— Ну что, я красивая? — спросила она.
— Да.
— Выгляжу молодо?
— Да.
— Сколько лет ты мне дашь?
— Столько же, сколько вам на свадебной фотографии.
— Да как ты смеешь! Я слышать не хочу о свадьбе, не желаю о ней и вспоминать. Пошла вон отсюда, дура! Оставь меня в покое…
* * *
Она села в плетеное кресло-качалку под навесом в патио и стала ждать своего возлюбленного, наблюдая за тем, как день постепенно сменяется вечером. Я ждала вместе с нею, не осмеливаясь сказать, что видела, как Камаль уходил, забрав все свои вещи. Зулема раскачивалась в кресле и всеми мыслями и чувствами призывала столь желанного любовника. Я же тем временем клевала носом, сидя рядом с нею на стуле. Приготовленный обед, оставленный на столе в кухне, успел скиснуть, а из спальни выветрился аромат свежих лепестков.

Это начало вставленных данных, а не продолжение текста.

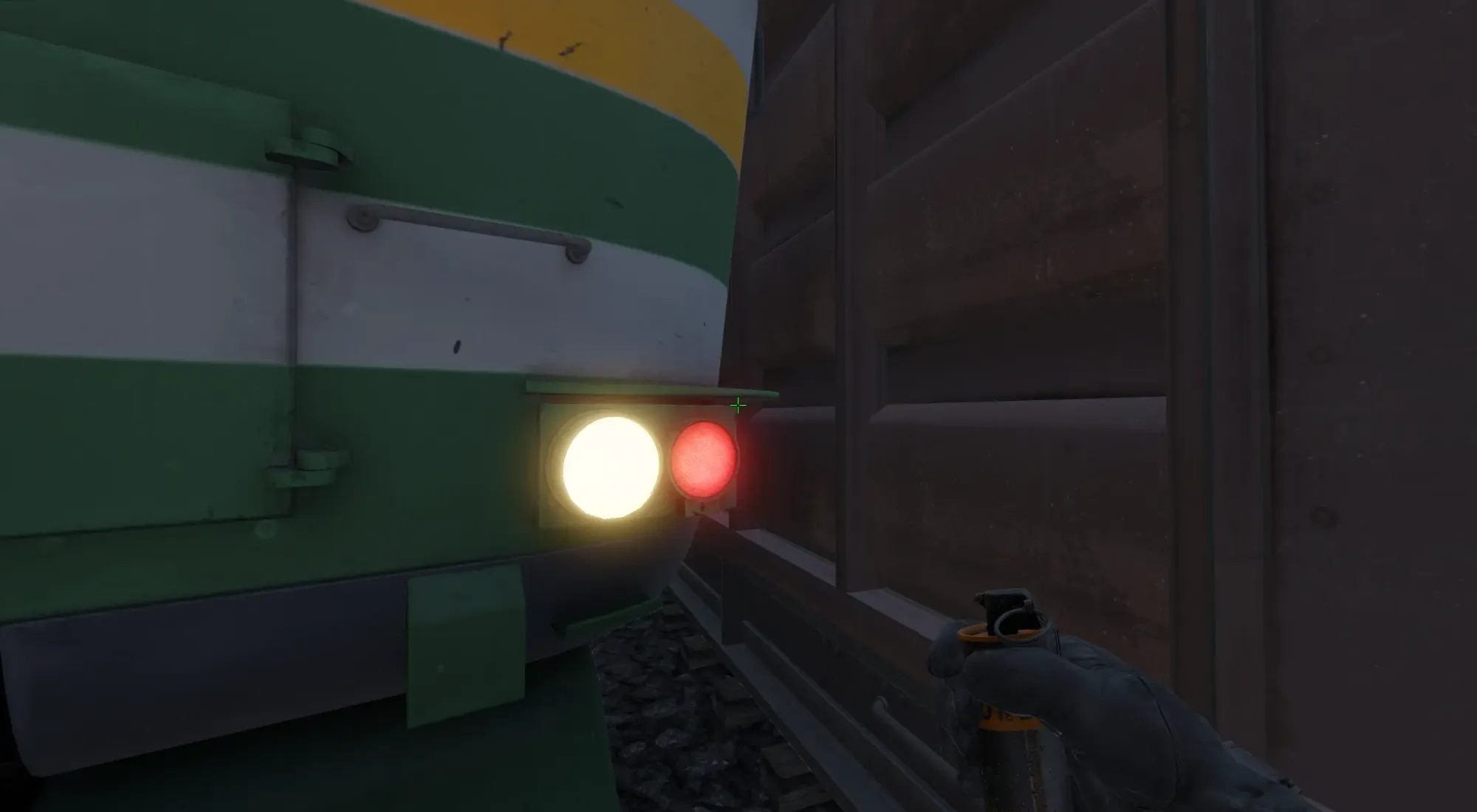 - Встаем в угол между поездами
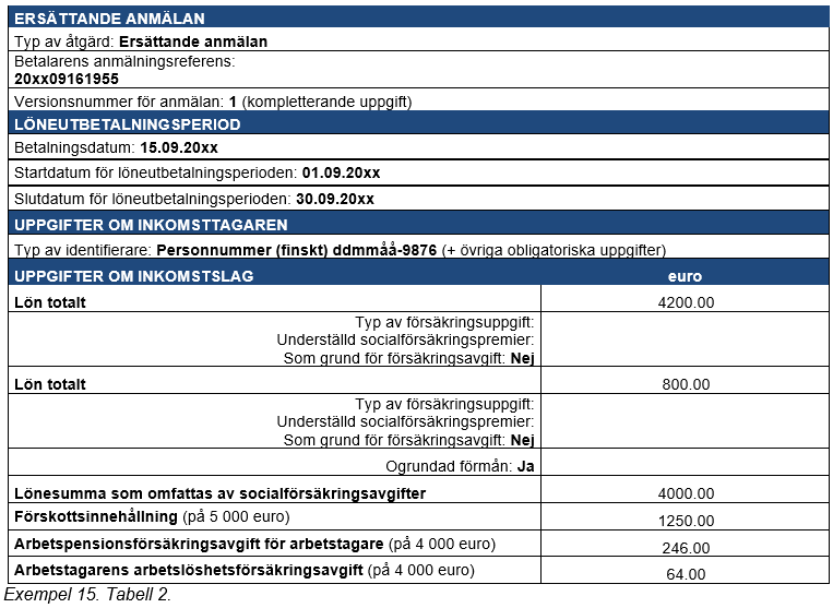 Exempel 4 (Korrigeringar som gjorts många gånger för samma anmälan): En inkomsttagare har i lön fått 2 000 euro, och i detta belopp ingår en tidlön på 1 500 euro, en övertidsersättning på 360 euro och en kvällsarbetsersättning på 140 euro. Prestationsbetalaren uppger av misstag kvällsarbetsersättningen som kvällsskiftestillägg.
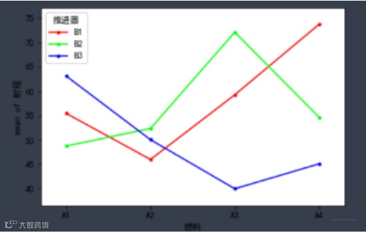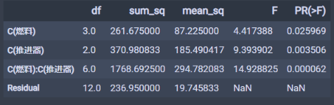 '射程~C(燃料)+C(推进器)+C(燃料):C(推进器)' :相当于射程是y(指标), 燃料和推进器是x(影响因素), 三项加和的前两项表示两个主效应, 第三项表示考虑两者的交互效应, 不加C也可。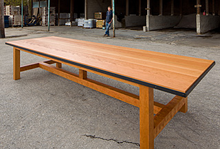 12' long x 48" wide. Wide plank, antique Cherry. Steel frame with rivets. Other sizes and wood species available. Contact us for more information.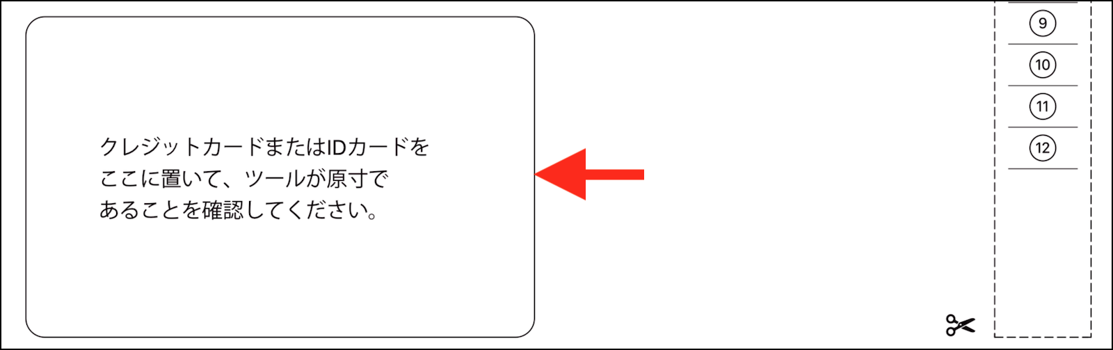 下の画像の様に、印刷したサイズガイドが原寸サイズ(100 %)で印刷されているかの確認用に、カードを置いて比較する部分が有りますが、実際にカードを置いて、サイズガイドが原寸サイズ(100 %)で印刷されている事を確認 されましたでしょうか?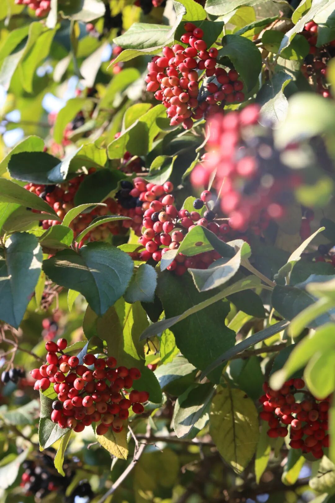 琼花果挂在一人多高的枝头,比起秋天其他直冲云霄的树木,多了几分平易近人的亲切感。累累圆果,红艳夺目,路过便感觉秋天也变得热闹起来。
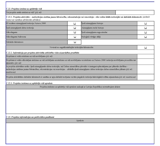 "29.11. ja projekta iesnieguma iesniegšanas dienā nekustamais īpašums nav pretendenta īpašumā, – tiesisko valdījumu apliecinošus dokumentus par zemi, uz kuras notiks projektā paredzētie darbi. Ja tiek īstenots kopprojekts, minētos dokumentus iesniedz par visu kopprojekta dalībnieku tiesiskajā valdījumā esošo zemi, uz kuras notiks projektā paredzētie darbi."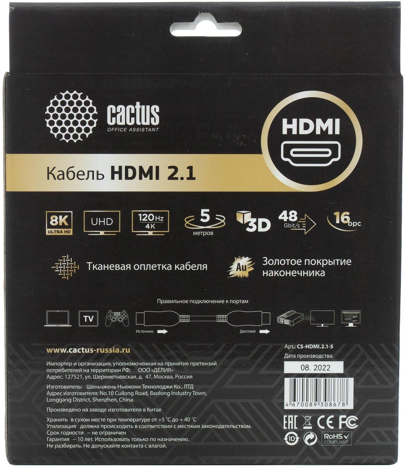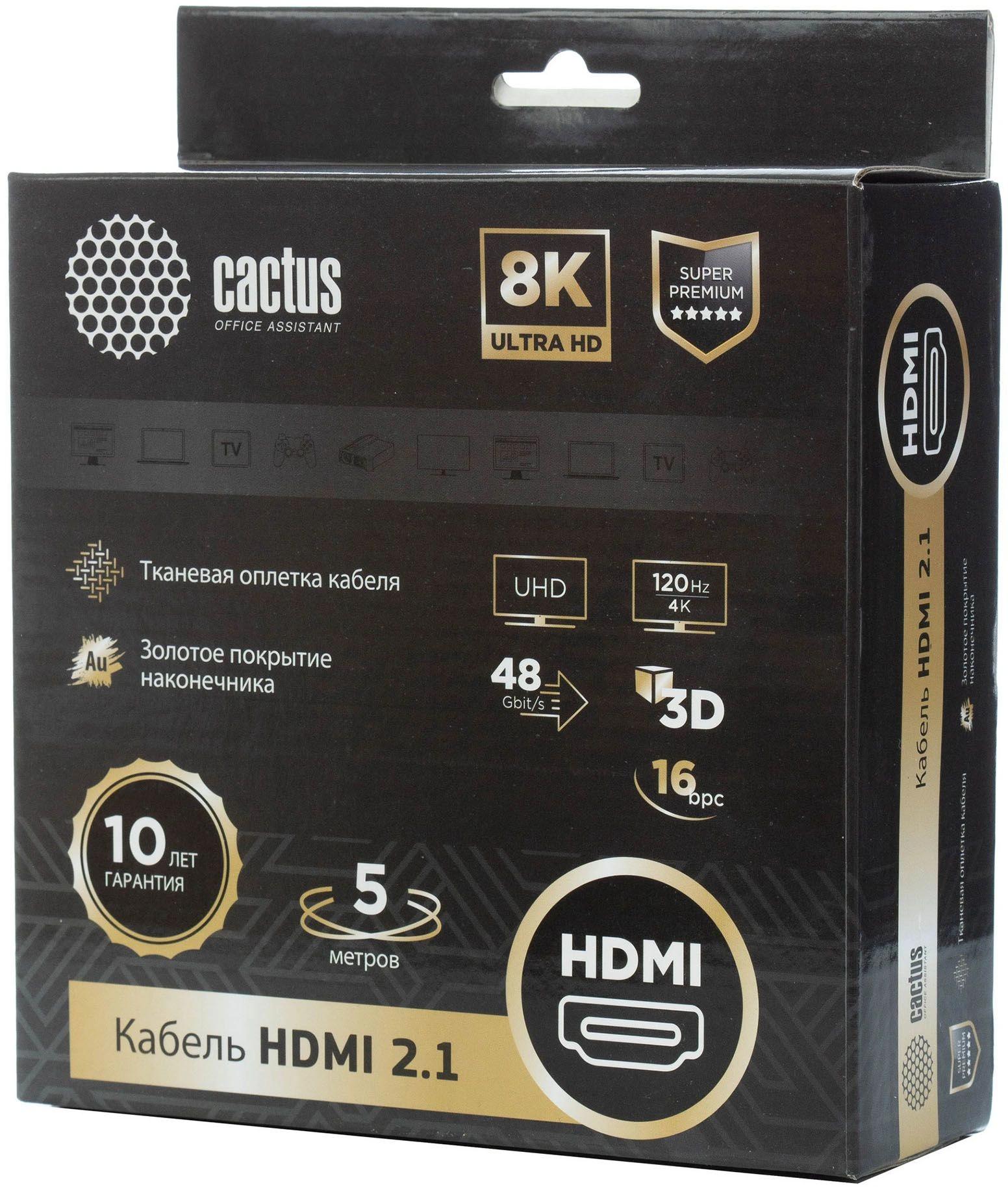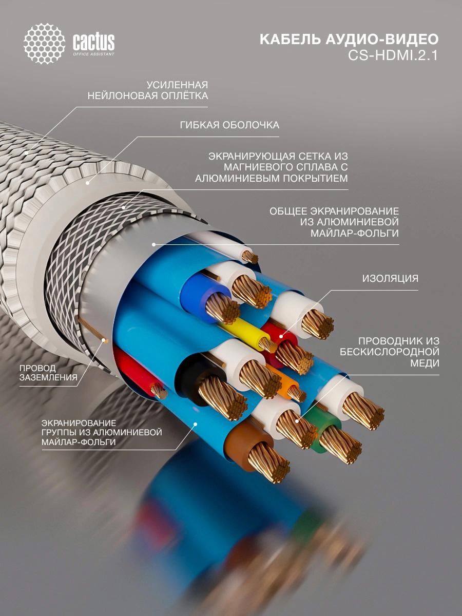 Кабель аудио-видео Cactus CS-HDMI.2.1-5 HDMI (m)/HDMI (m) 5м. позолоч.конт. серебристый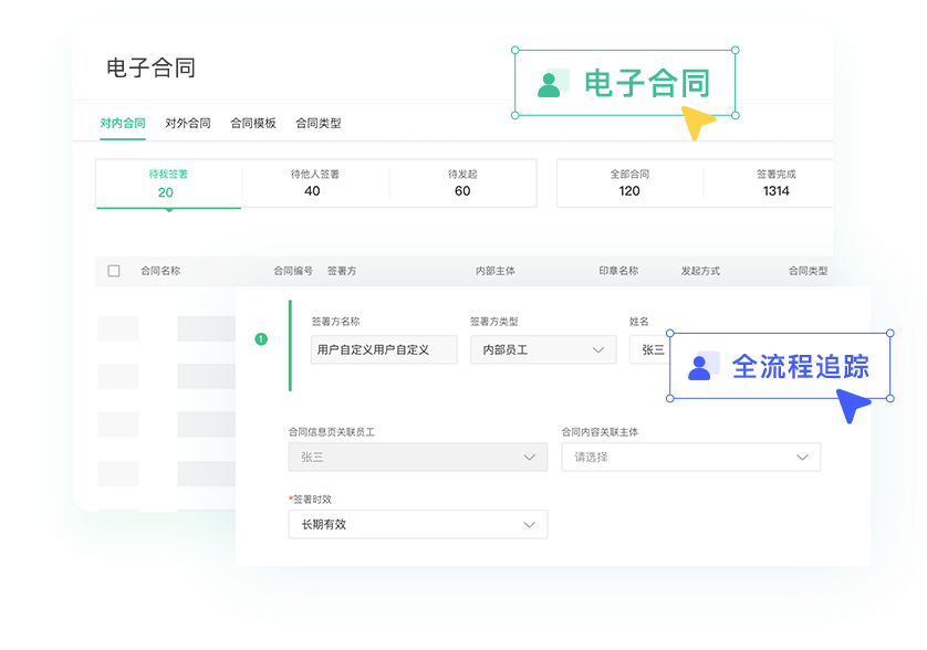 轻松建立电子合同体系,签约更便捷安全;全流程追踪,自动跟进提醒,追踪进程全面提效;数据实时变更,随用随取,合同管理合法合规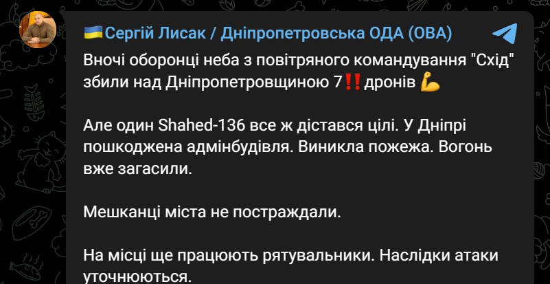 08.00 У Дніпрі був приліт "Шахіда" адміністративною будівлею, повідомив губернатор Сергій Лисак.
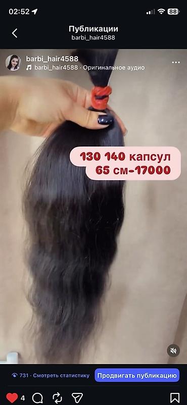 Наращиваемые волосы на капсулах (темные, прямые/слегка волнистые).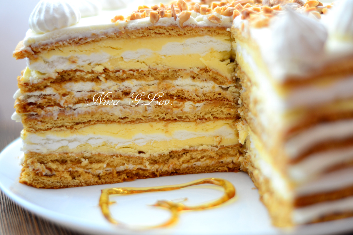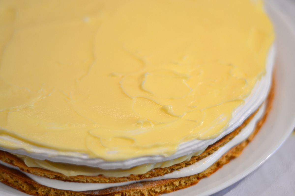смазываем его масляным кремом,кладем на него корж медовый.Теперь все сначала по тому же принципу. Главное,чтобы коржи- безе были смазаны снизу и сверху только масляным кремом,так как если будет сметанным,безе растает и будет мокрым.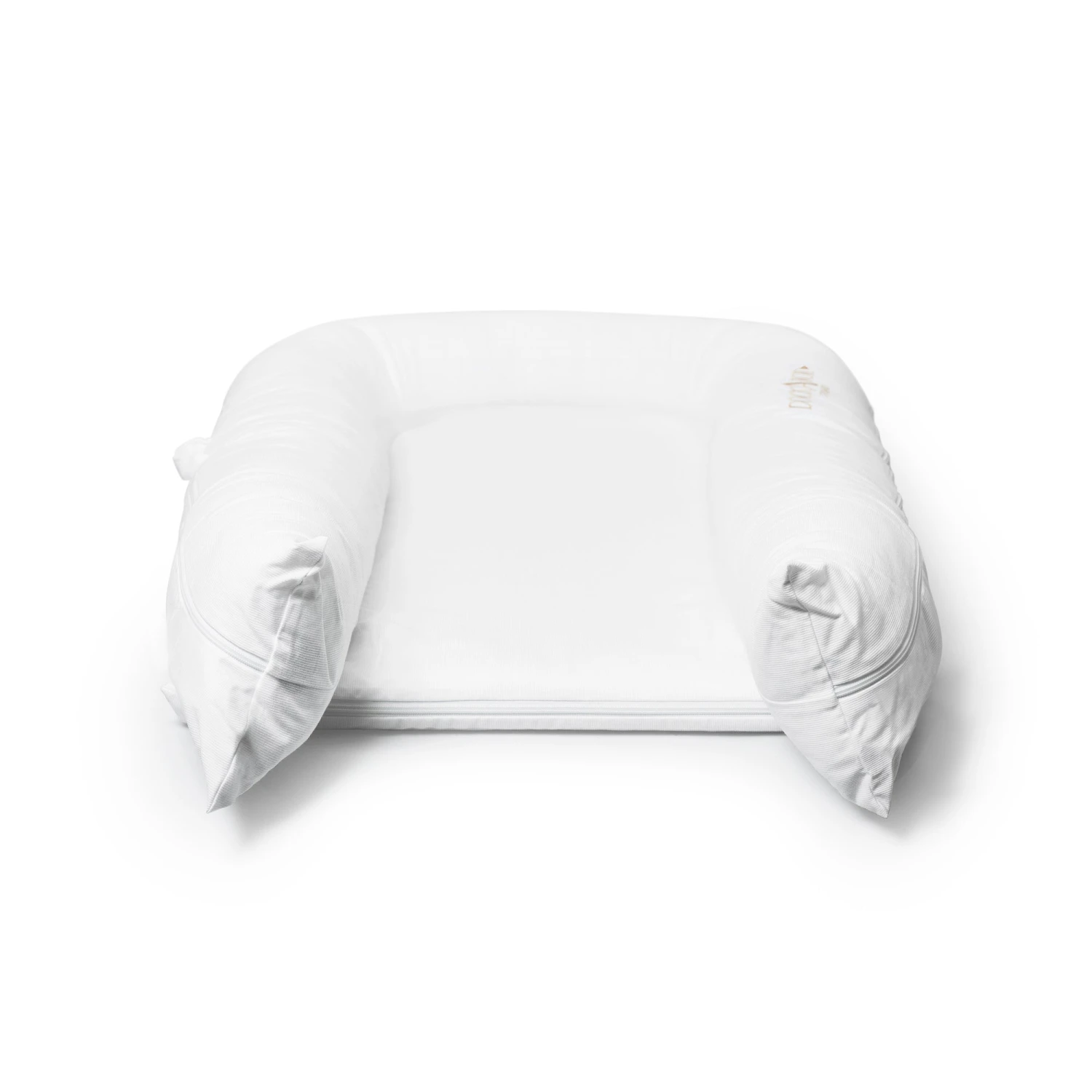 The Grand dock is our stage 2 lounging dock, 50% longer and wider, for tots age 9 months to 36+ months. The Grand size is an essential go-to spot for tots lounging around the house or when traveling. The built-in, air permeable side on the Grand dock gives little ones a familiar sense of security. For older tots, the Grand dock will help ease a child into their new setting when they are otherwise ready to sleep in a toddler bed. It provides a comforting and safe environment. Made in Europe. Features include air permeability and Oeko-Tex Standard 100 Class 1 certification (testing for harmful substances).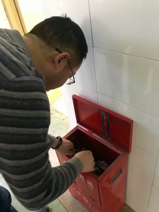 3.防火问题:实验室走廊内的灭火器,准备齐全,陈列有序,后勤最新在3月1日进行了检查。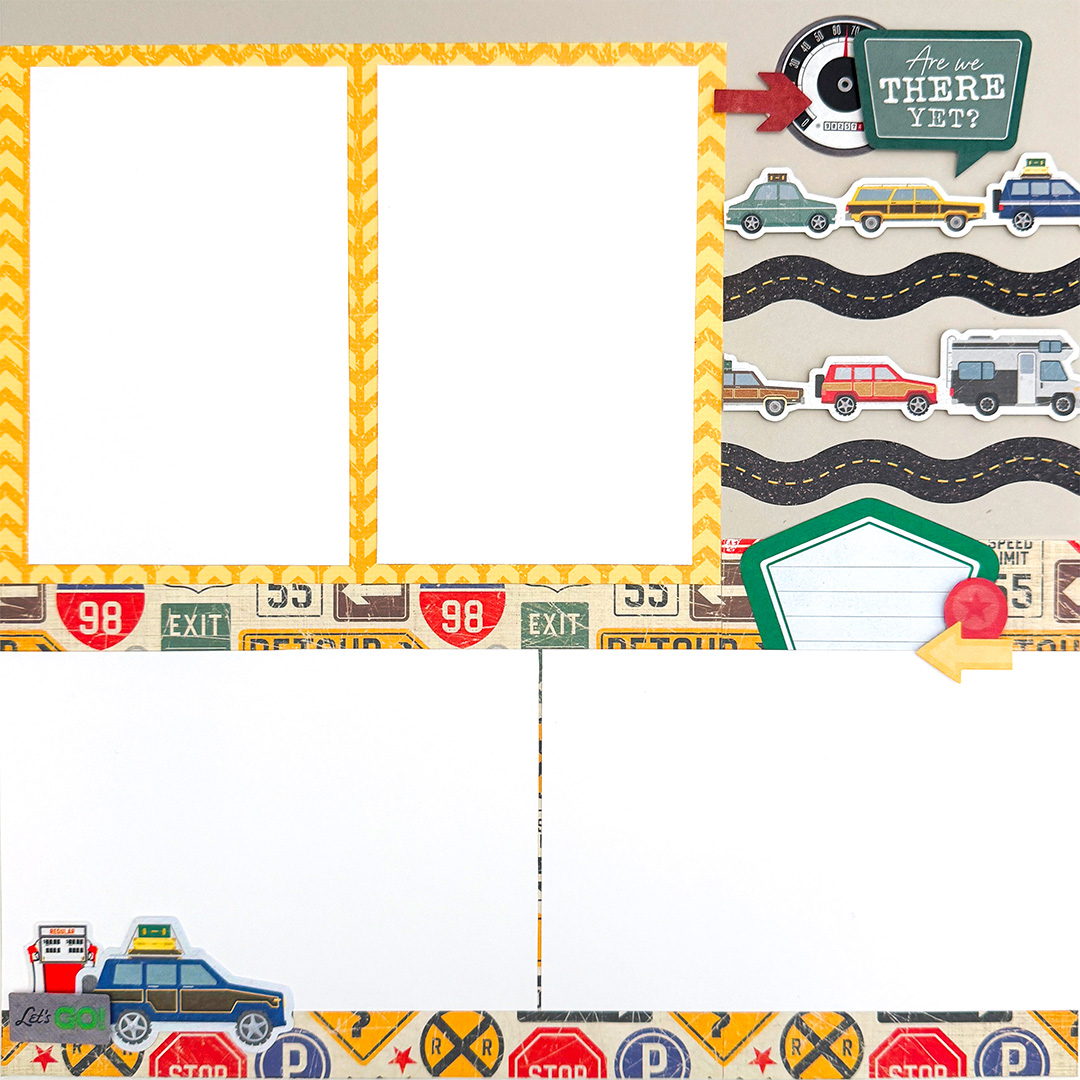 Noreen’s Tip: “When a sketch calls for borders, the sky is the limit! Here I cut two different sticker borders from the Hit the Road Stickers pack into 4” lengths and alternated them beside the photo block, but it would look great with borders punched with the Road Trip Border Punch too!”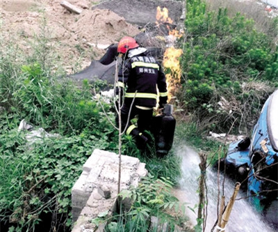 | 郑州“抱火哥”火灾中拖出燃烧煤气罐 |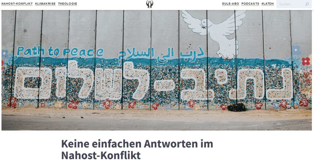 Die Ereignisse der letzten Wochen lassen auch hierzulande die Menschen nach Worten suchen, das Geschehene und das Geschehende zu „begreifen“ und einen Blick auf die Konsequenzen und das ‚zu Tuende‘ werfen. Pfr. Andreas Goetze, lange Jahre Landeskirchlicher Pfarrer für das interreligiöse Gespräch in Berlin (EKBO), jetzt tätig im Zentrum Ökumene EKHN/EKKW in Frankfurt/Main, hat das in einem Beitrag für das Portal Die Eule versucht, es gibt eben trotz allem keine einfachen Antworten in der komplexen Gemengelage des ‚Nahen Ostens‘ und unserer Beziehungen dorthin und dorther…

В какой-то момент я отключилась и проснулась уже около одиннадцати. Разбудил меня не шум, а, наоборот, полная тишина, отсутствие каких бы то ни было привычных звуков. Молчали цикады, замерли, словно неживые, листья на деревьях в патио, в воздухе не чувствовалось ни единого дуновения ветерка. Исчез и наполнявший дом в последние дни аромат страсти. Хозяйка по-прежнему неподвижно сидела в кресле, сцепив руки; ее платье было измято, из глаз капали слезы, тушь и тени растеклись и смешались у нее на лице в виде разноцветных разводов. Больше всего она походила на забытую под дождем театральную маску.
— Сеньора, не стоит больше ждать, идите лучше поспите. Кто его знает, может быть, он вообще до утра не придет… — стала я умолять хозяйку, но та даже не пошевелилась.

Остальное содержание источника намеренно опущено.